The constants above is a styling preference borrowed from config related code in Apache Kafka. This makes it much easier to find the proper key in unit testing. For example you can set the consumer token using TwitterSourceConnectorConfig.TWITTER_OAUTH_CONSUMER_KEY_CONF. This makes life much easier in unit testing. Secrets such as passwords, api keys, combination to luggage, should be defined as ConfigDef.Type.PASSWORD. This will ensure that passwords are never logged.

During startup you will see the config dumped to the logs. Notice there are a few properties that have [hidden] as the value.

INFO TwitterSourceConnectorConfig values: 
	twitter.oauth.accessTokenSecret = [hidden]
	process.deletes = false
	filter.keywords = [olympics, san jose, kafka]
	kafka.status.topic = twitter
	kafka.delete.topic = asdf
	twitter.oauth.consumerSecret = [hidden]
	twitter.oauth.accessToken = [hidden]
	twitter.oauth.consumerKey = [hidden]
	twitter.debug = false 

To handle validation of the configuration we place this definition in an AbstractConfig. Now that we have this complete we have a ConfigDef defined and a class that implements AbstractConfig. Validating the connector's configuration is as simple as this.

@Override
  public void start(Map<String, String> map) {
    this.config = new TwitterSourceConnectorConfig(map);
    this.settings = map;
  }

A missing value or value that does not validate will give you a nice error message like this:

ERROR Error while starting connector TwitterSourceConnector (org.apache.kafka.connect.runtime.WorkerConnector:109)
org.apache.kafka.common.config.ConfigException: Missing required configuration "twitter.oauth.accessTokenSecret" which has no default value.
	at org.apache.kafka.common.config.ConfigDef.parse(ConfigDef.java:421)
	at org.apache.kafka.common.config.AbstractConfig.<init>(AbstractConfig.java:55)
	at org.apache.kafka.common.config.AbstractConfig.<init>(AbstractConfig.java:62)
	at io.confluent.kafka.connect.twitter.TwitterSourceConnectorConfig.<init>(TwitterSourceConnectorConfig.java:38)
	at io.confluent.kafka.connect.twitter.TwitterSourceConnectorConfig.<init>(TwitterSourceConnectorConfig.java:42)
	at io.confluent.kafka.connect.twitter.TwitterSourceConnector.start(TwitterSourceConnector.java:29)
    ...

Schema

The Schema interface is one of the most important components of Kafka Connect.

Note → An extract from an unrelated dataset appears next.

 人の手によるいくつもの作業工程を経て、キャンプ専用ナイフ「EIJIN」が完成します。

This allows you to define what the data looks like without having to worry about the way the data is stored. Out of the box Kafka ships with support to store data in a JSON format. Using the Confluent Schema Registry, you can be much more efficient with space and CPU by storing the data with Apache AVRO. Enabling AVRO support on the Confluent Platform is a trivial 4 line config change.

key.converter=io.confluent.connect.avro.AvroConverter
key.converter.schema.registry.url=http://confluent:8081
value.converter=io.confluent.connect.avro.AvroConverter
value.converter.schema.registry.url=http://confluent:8081

That's it and you can achieve significant space and CPU savings.

Schema Types

You have all of the standard types available to you. ARRAY, BOOLEAN, BYTES, FLOAT32, FLOAT64, INT16, INT32, INT64, INT8, MAP, STRING, STRUCT are available via Schema.Type. There is also support for Date, Decimal, Time, and Timestamp. Defining a solid schema is really important part of a connector. Using descriptive field names and strong types is very important to deliver the most value to your users.

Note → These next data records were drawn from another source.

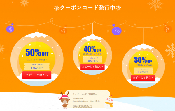 クリスマスと新年を迎えに、EaseUS Software Co., Ltd.は2023年12月21日(木)から2024年1月5日(金)まで、最大60%OFFの特別セールを開催します!これは年に一度の最大セール、ぜひお見逃しなく!イベントページ:https://reurl.cc/77Xk11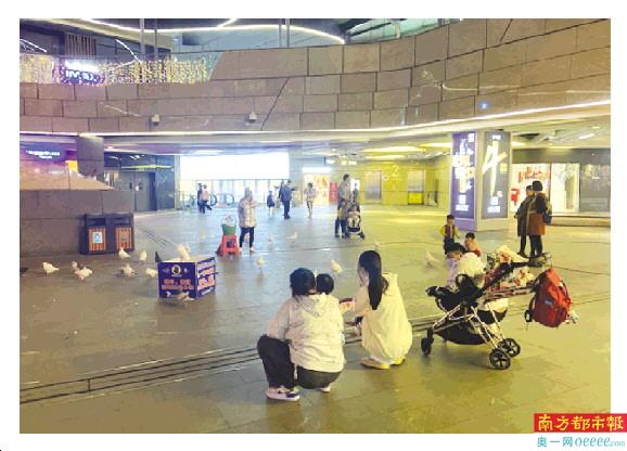 根据官方介绍,每个周末汇港一期的下沉广场会举办音乐表演,不少附近居民坐在楼梯处观看。汇港一期有一块很大的中央空地,几位家长带着小朋友在中间喂鸽子,鸽粮需要另外付费。地上散落着不少羽毛和粪便,走近了就能闻到一阵异味。鸽子投喂点旁边就是儿童滑轮区,但没有任何遮挡隔离。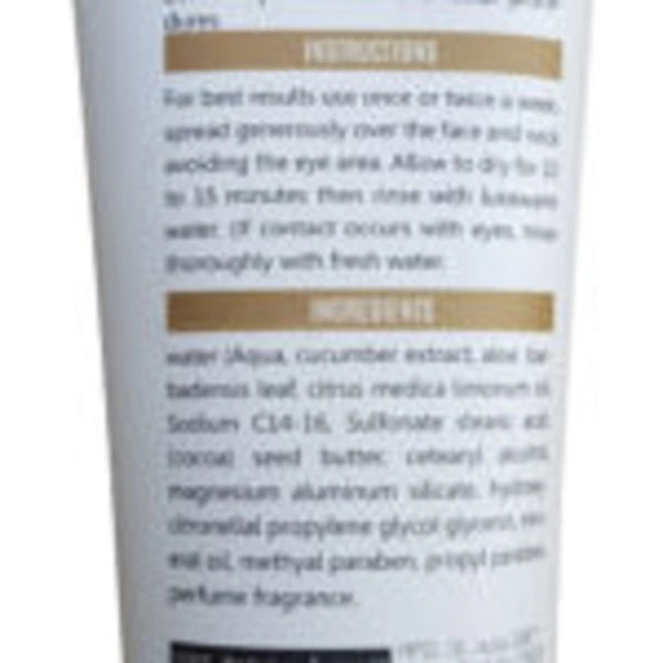 Directions: For best results use once or twice a week. Spread generously over the face and neck avoiding the eye area. Allow to dry for 10 to 15 minutes then rinse with lukewarm water. (If contact occurs with eyes, rinse thoroughly with fresh water.

Structs are similar to a json object, or an AVRO record. They have fields, with descriptions, and store values of a specific type. Structs are a very powerful way to describe your data in a portable way. Your goal should be to define a Struct schema that is very descriptive. Source connectors define schemas that are consumed later by streaming applications and other connectors. A great example is streaming data from a database to HDFS. The schema is defined in the JDBC Source and data is written in AVRO or Parquet files to HDFS by the HDFS connector. Schema data is used to power the structure of the files, and manage the HIVE metastore. All of this is powered by the metadata in the schema.

Naming you structs

Ensuring that your struct schema has a fully qualified unique name is very important. Using the avro converter will make this much more of an issue if you decide to use the avro-maven-plugin. The avro-maven-plugin does is not happy when you have multiple schemas with the same name or schemas that do not have a namespace. I'd even consider allowing my users to define the name of the schemas or namespace prefixes in configuration.

Bad

    Schema statusSchemaKey = SchemaBuilder.struct()
        .name("Key")
        .field("Id", Schema.OPTIONAL_INT64_SCHEMA)
        .build();

Good

    Schema statusSchemaKey = SchemaBuilder.struct()
        .name("io.confluent.examples.kafka.connect.twitter.StatusKey")
        .doc("Key for a twitter status.")
        .field("Id", Schema.OPTIONAL_INT64_SCHEMA)
        .build();

The good schema will generate this schema with the AVRO converter.

{
  "type": "record",
  "name": "StatusKey",
  "namespace": "io.confluent.examples.kafka.connect.twitter",
  "fields": [
    {
      "name": "Id",
      "type": [
        "null",
        "long"
      ]
    }
  ],
  "connect.doc": "Key for a twitter status.",
  "connect.name": "io.confluent.examples.kafka.connect.twitter.StatusKey"
}

Keys are important

You'll need to define a key schema and a value schema. We'll chat about the value schema shortly. The key is one of the methods used by Kafka to determine which partition to place your data in. Keys are also used by compacted topics to keep track of the latest version. As a personal preference I prefer to use a struct for the key even if I have a single field. This allows me to add fields to the key schema without breaking the compatibility of existing data. For example what if my connector is keying data off of the hostname now and later I decide that I want to key off the hostname and the source port as well later. Using a struct from the beginning will allow me easily update my key without breaking compatibility with the data that is in existing Kafka topics.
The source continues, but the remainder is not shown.